◆ **Instructions for the task**
Reproduce the lines of the material exactly, excluding every image.

◆ **Task input**
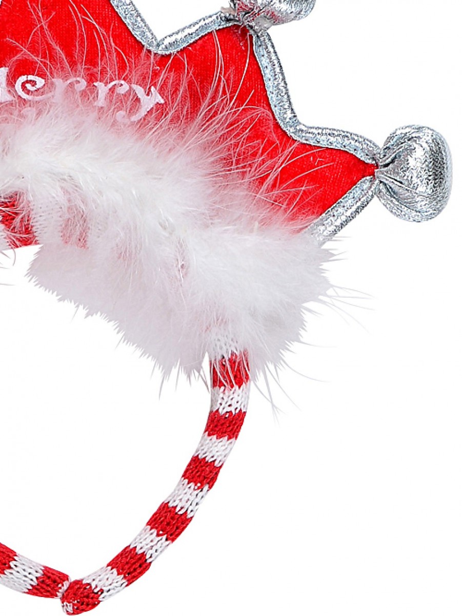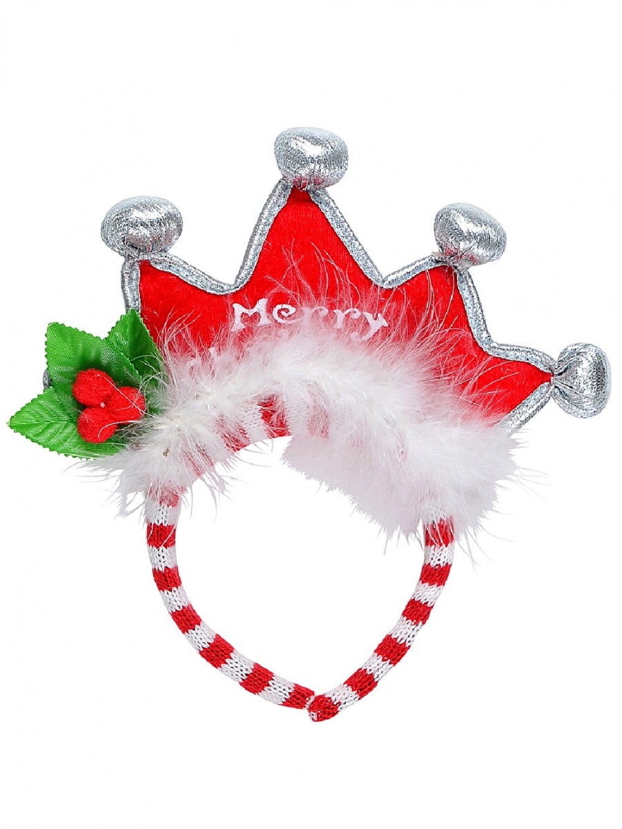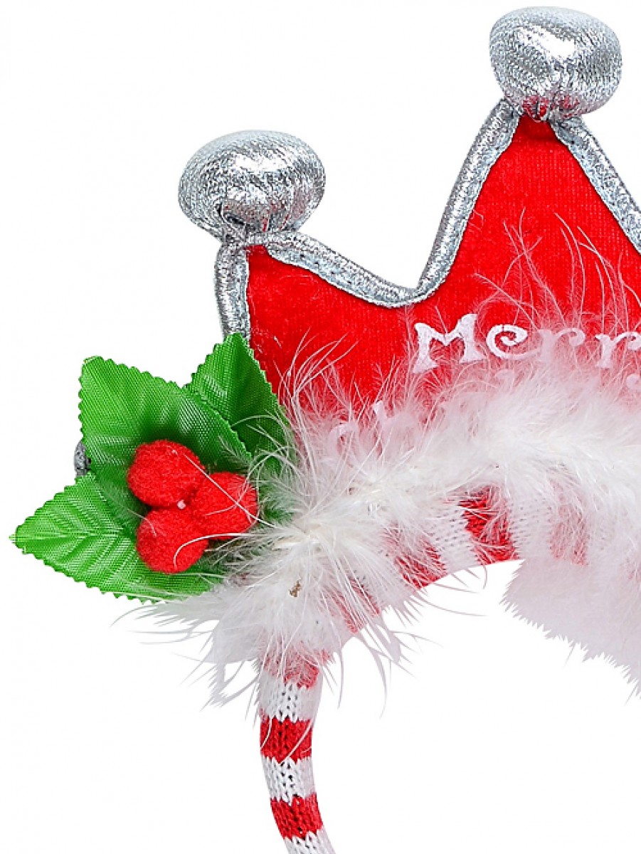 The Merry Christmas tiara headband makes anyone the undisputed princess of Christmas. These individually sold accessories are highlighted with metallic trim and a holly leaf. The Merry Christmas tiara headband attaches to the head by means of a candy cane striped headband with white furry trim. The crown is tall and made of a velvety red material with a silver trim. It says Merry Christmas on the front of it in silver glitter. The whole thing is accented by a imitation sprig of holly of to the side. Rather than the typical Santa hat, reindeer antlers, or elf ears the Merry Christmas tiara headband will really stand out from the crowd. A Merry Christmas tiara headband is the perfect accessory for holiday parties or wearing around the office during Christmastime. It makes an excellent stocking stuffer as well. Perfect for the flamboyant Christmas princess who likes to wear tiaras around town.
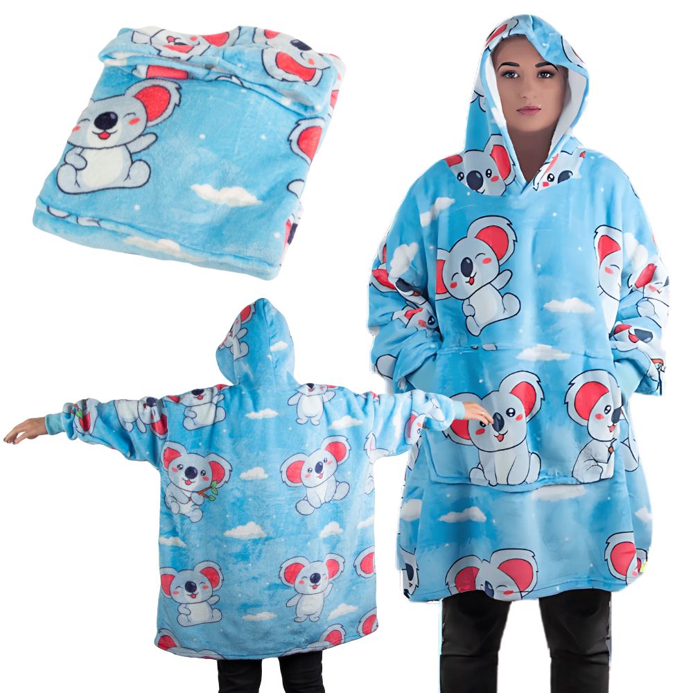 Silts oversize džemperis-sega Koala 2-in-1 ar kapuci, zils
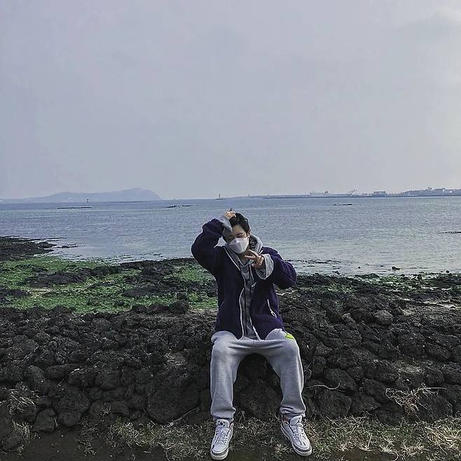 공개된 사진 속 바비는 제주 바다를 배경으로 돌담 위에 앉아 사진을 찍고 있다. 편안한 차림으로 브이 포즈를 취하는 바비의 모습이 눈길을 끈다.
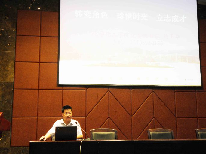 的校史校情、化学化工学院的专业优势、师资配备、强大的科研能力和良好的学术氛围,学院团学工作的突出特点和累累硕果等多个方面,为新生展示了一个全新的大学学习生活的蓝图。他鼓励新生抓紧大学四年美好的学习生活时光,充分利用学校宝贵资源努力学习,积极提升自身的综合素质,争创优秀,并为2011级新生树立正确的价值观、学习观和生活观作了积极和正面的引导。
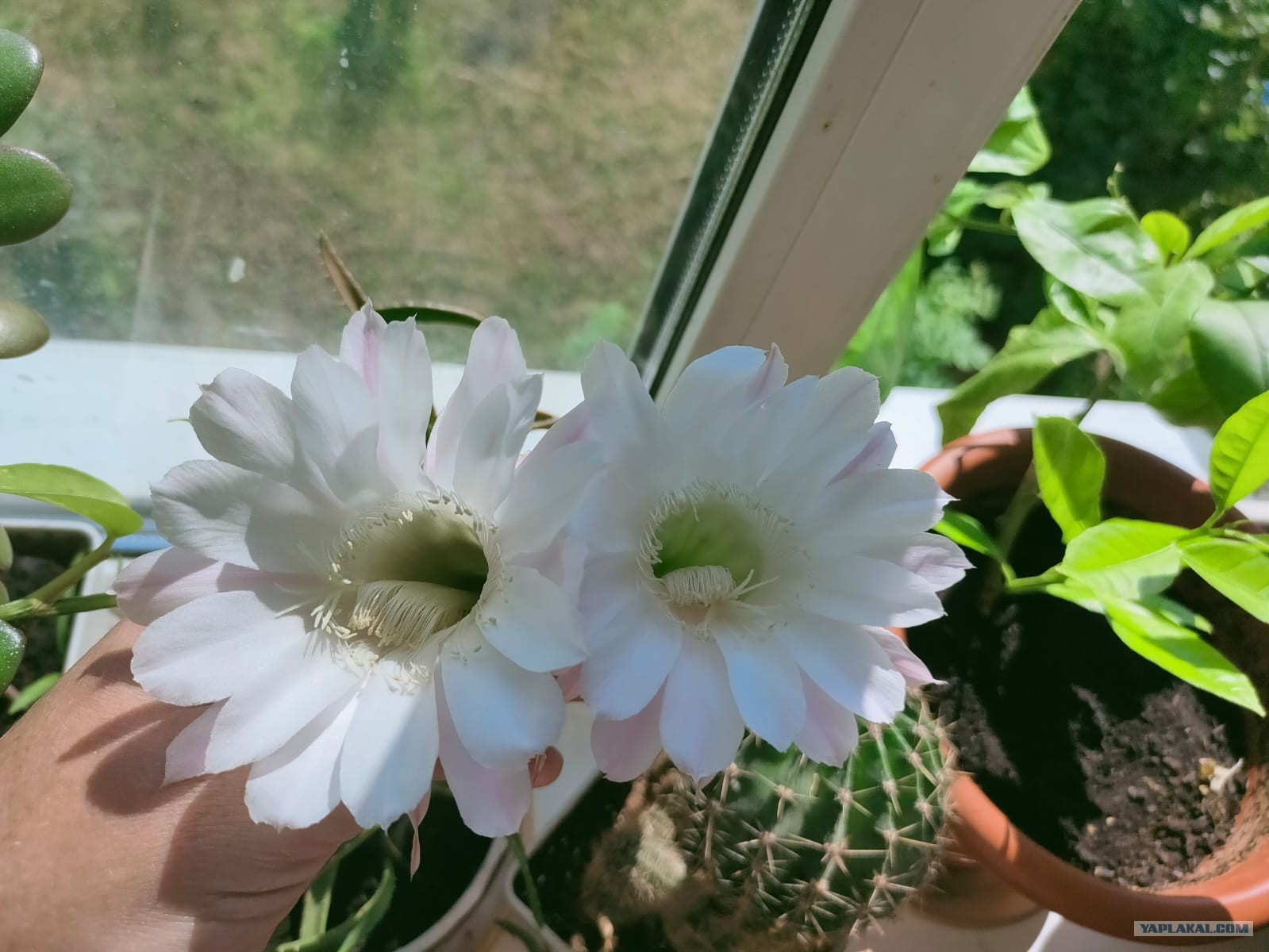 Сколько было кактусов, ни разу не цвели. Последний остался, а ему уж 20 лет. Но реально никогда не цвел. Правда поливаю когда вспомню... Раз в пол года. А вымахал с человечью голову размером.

◆ **Output below**
 The Merry Christmas tiara headband makes anyone the undisputed princess of Christmas. These individually sold accessories are highlighted with metallic trim and a holly leaf. The Merry Christmas tiara headband attaches to the head by means of a candy cane striped headband with white furry trim. The crown is tall and made of a velvety red material with a silver trim. It says Merry Christmas on the front of it in silver glitter. The whole thing is accented by a imitation sprig of holly of to the side. Rather than the typical Santa hat, reindeer antlers, or elf ears the Merry Christmas tiara headband will really stand out from the crowd. A Merry Christmas tiara headband is the perfect accessory for holiday parties or wearing around the office during Christmastime. It makes an excellent stocking stuffer as well. Perfect for the flamboyant Christmas princess who likes to wear tiaras around town.
 Silts oversize džemperis-sega Koala 2-in-1 ar kapuci, zils
 공개된 사진 속 바비는 제주 바다를 배경으로 돌담 위에 앉아 사진을 찍고 있다. 편안한 차림으로 브이 포즈를 취하는 바비의 모습이 눈길을 끈다.
 的校史校情、化学化工学院的专业优势、师资配备、强大的科研能力和良好的学术氛围,学院团学工作的突出特点和累累硕果等多个方面,为新生展示了一个全新的大学学习生活的蓝图。他鼓励新生抓紧大学四年美好的学习生活时光,充分利用学校宝贵资源努力学习,积极提升自身的综合素质,争创优秀,并为2011级新生树立正确的价值观、学习观和生活观作了积极和正面的引导。
 Сколько было кактусов, ни разу не цвели. Последний остался, а ему уж 20 лет. Но реально никогда не цвел. Правда поливаю когда вспомню... Раз в пол года. А вымахал с человечью голову размером.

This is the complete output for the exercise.